[PROBLEM STATEMENT] In the data below, find the line with "- FRENCH WEST" and output it along with every later line, exactly, but not the pictures.

[STORED DATA]
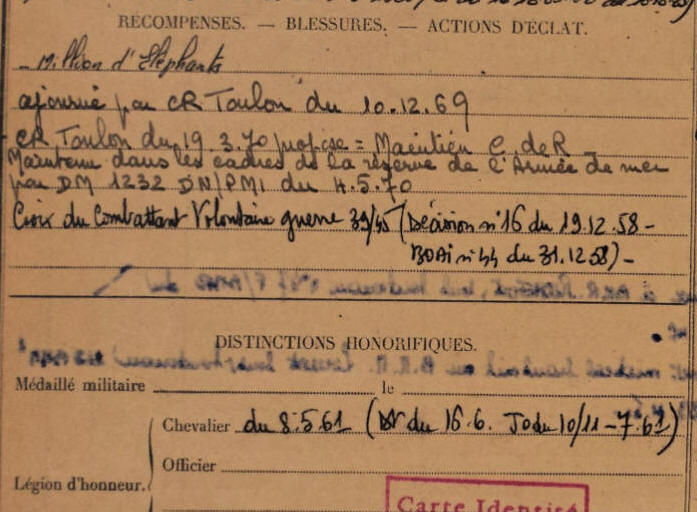 Extrait fiche matricule
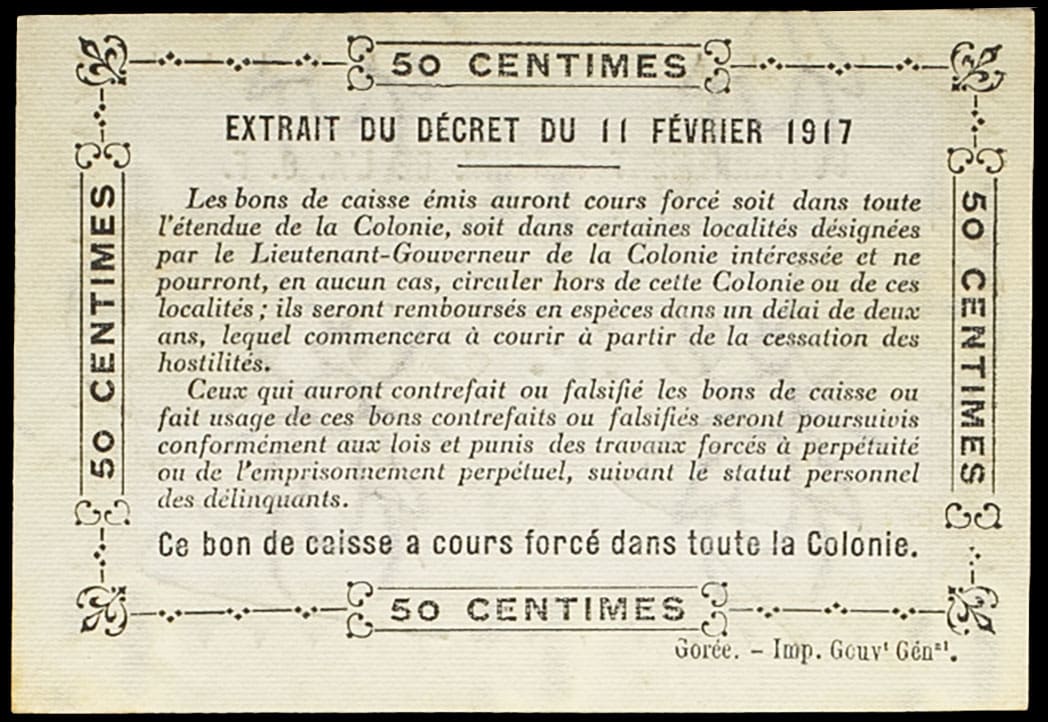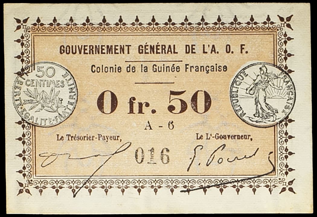 - FRENCH WEST AFRICA 0,50 franc / 50 centimes type “brun” - Colonie de la Guinée Française, Gouvernement général de l’A.O.F. 11 février 1917.
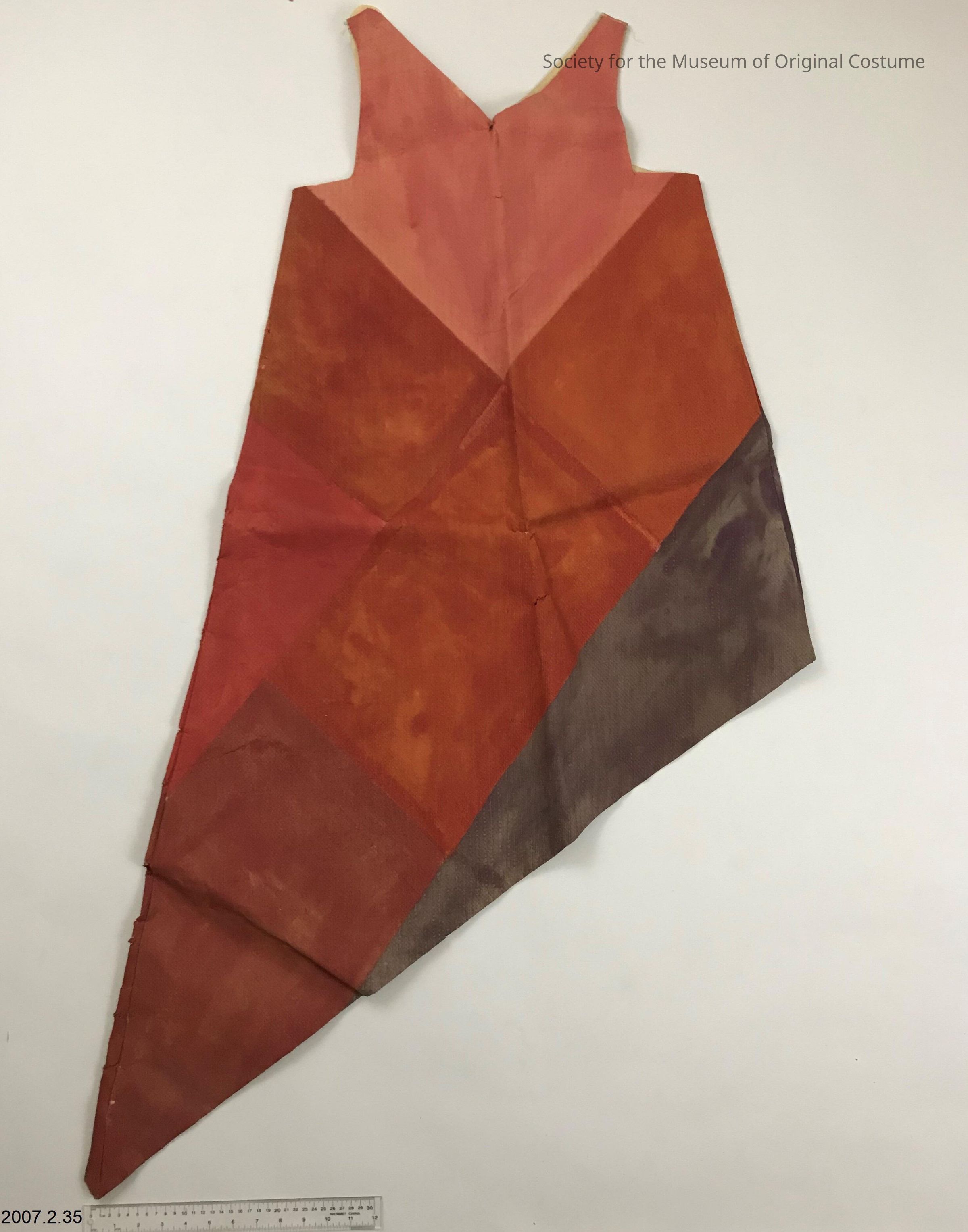 Asymmetrical paper canvas dress painted shades of red and purple.Acquisition

[EXERCISE ANSWER]
 - FRENCH WEST AFRICA 0,50 franc / 50 centimes type “brun” - Colonie de la Guinée Française, Gouvernement général de l’A.O.F. 11 février 1917.
 Asymmetrical paper canvas dress painted shades of red and purple.Acquisition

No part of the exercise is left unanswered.